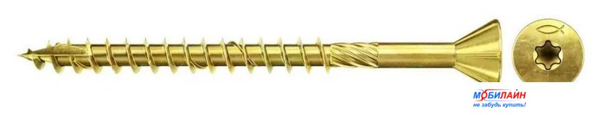 100 в упаковке, длина 100 мм, диаметр резьбы 5 мм, для дерева, головка потайная, шлиц TORX, наконечник острый
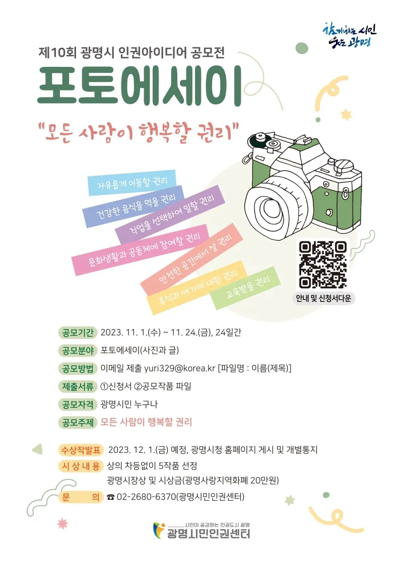 광명시민인권센터에서는 광명시민의 인권 증진과 인권 감수성 향상을 목적으로 1일부터 24일까지 ‘2023년 제10회 광명시 인권 아이디어 공모전’을 개최합니다!
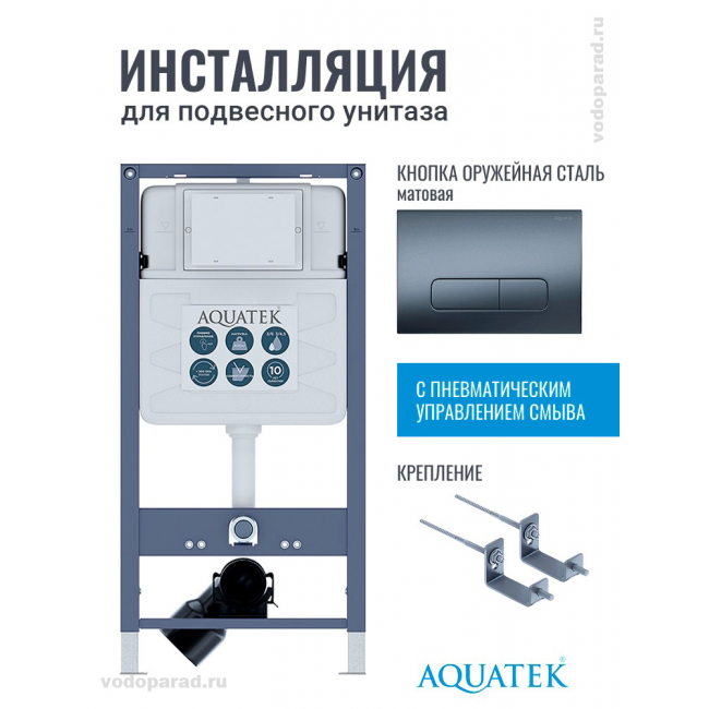 Инсталляция для подвесного унитаза Aquatek Pneumo S50 INSP01.KKI02.PNS09, кнопка смыва оружейная сталь + крепеж купить с доставкой. 100% Оригинал. Гарантия!

## Exercise directions
Would you reproduce the listing above exactly, without any of its images?

## Problem solution
 100 в упаковке, длина 100 мм, диаметр резьбы 5 мм, для дерева, головка потайная, шлиц TORX, наконечник острый
 광명시민인권센터에서는 광명시민의 인권 증진과 인권 감수성 향상을 목적으로 1일부터 24일까지 ‘2023년 제10회 광명시 인권 아이디어 공모전’을 개최합니다!
 Инсталляция для подвесного унитаза Aquatek Pneumo S50 INSP01.KKI02.PNS09, кнопка смыва оружейная сталь + крепеж купить с доставкой. 100% Оригинал. Гарантия!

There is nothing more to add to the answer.